Sono numeroso i produttori cinesi di smartphone sospettati di distribuire malware all’interno dei propri dispositivi al fine di guadagnare illecitamente o per raccogliere dati senza il consenso degli utenti. Negli ultimi anni è diventato sempre più facile acquistare prodotti che non sono commercializzati ufficialmente in altri Paesi, grazie a importatori e distributori a livello globale.

Per molti si aprono dunque le porte di mercati molto appetibili, con milioni di utenti che possono rappresentare fonti inconsapevoli di guadagno. È il caso di Gionee, azienda che alcuni di voi conosceranno, che opera in questo settore fin dal lontano 2002 e che è stata a lungo una delle realtà più importanti nel mercato locale.

La compagnia è stata giudicata colpevole di aver installato un trojan all’interno di oltre 20 milioni di smartphone, come ha recentemente deliberato una Corte di Giustizia cinese. Per la precisione la sentenza ha colpito la sussidiaria Shenzhen Zhipu Technology, di cui Gionee detiene l’85% delle azioni.
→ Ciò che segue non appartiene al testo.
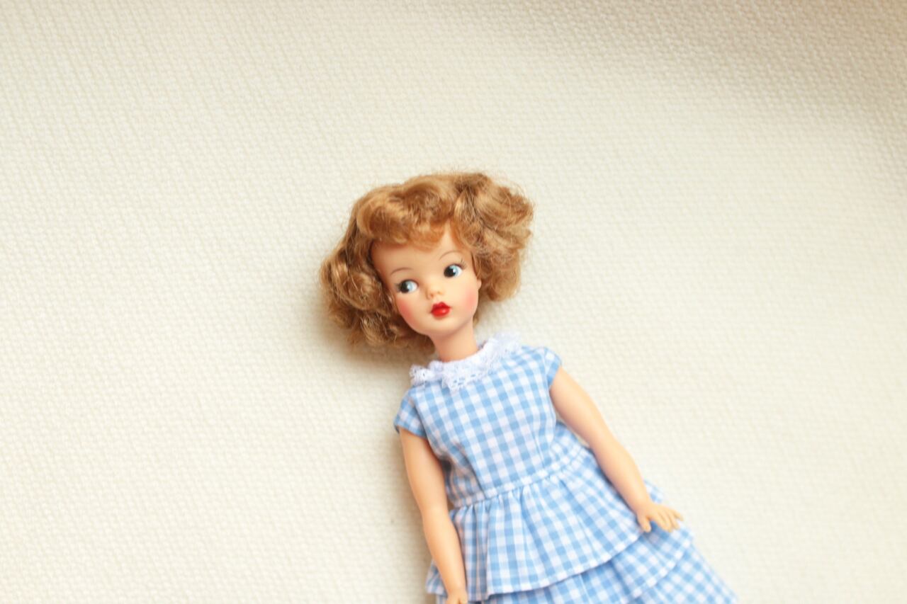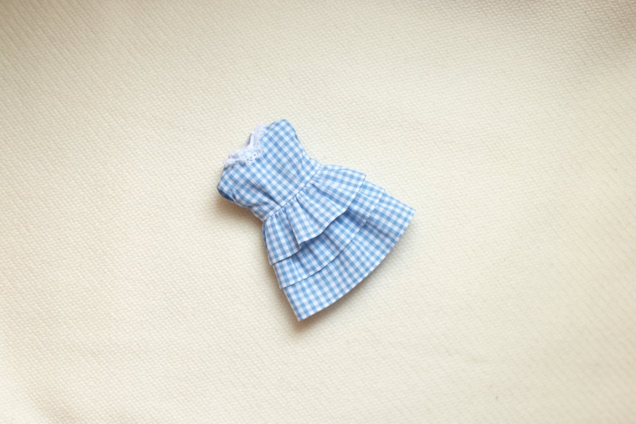 タミーちゃん・水色のギンガムチェックワンピース(ハンドメイド品)

La vicenda risale al periodo che va dal dicembre 2018 all’ottobre 2019 quando, attraverso un aggiornamento dell’app Story Lock Screen è stato distribuito un malware su circa 21,75 milioni di smartphone. La compagnia avrebbe utilizzato la Dark Horse Platform per installare in maniera efficiente il malware che avrebbe permesso a Gionee di incassare oltre 3,5 milioni di euro, mostrando annunci pubblicitari non richiesti dagli utenti.

Per quattro dirigenti della sussidiaria è arrivata una pesante condanna a tre anni e mezzo di reclusione con una multa di 25.000 euro: si tratta del CEO Xu Li, insieme a Zhu Ying, Jia Zhengqiang e Pan Qi.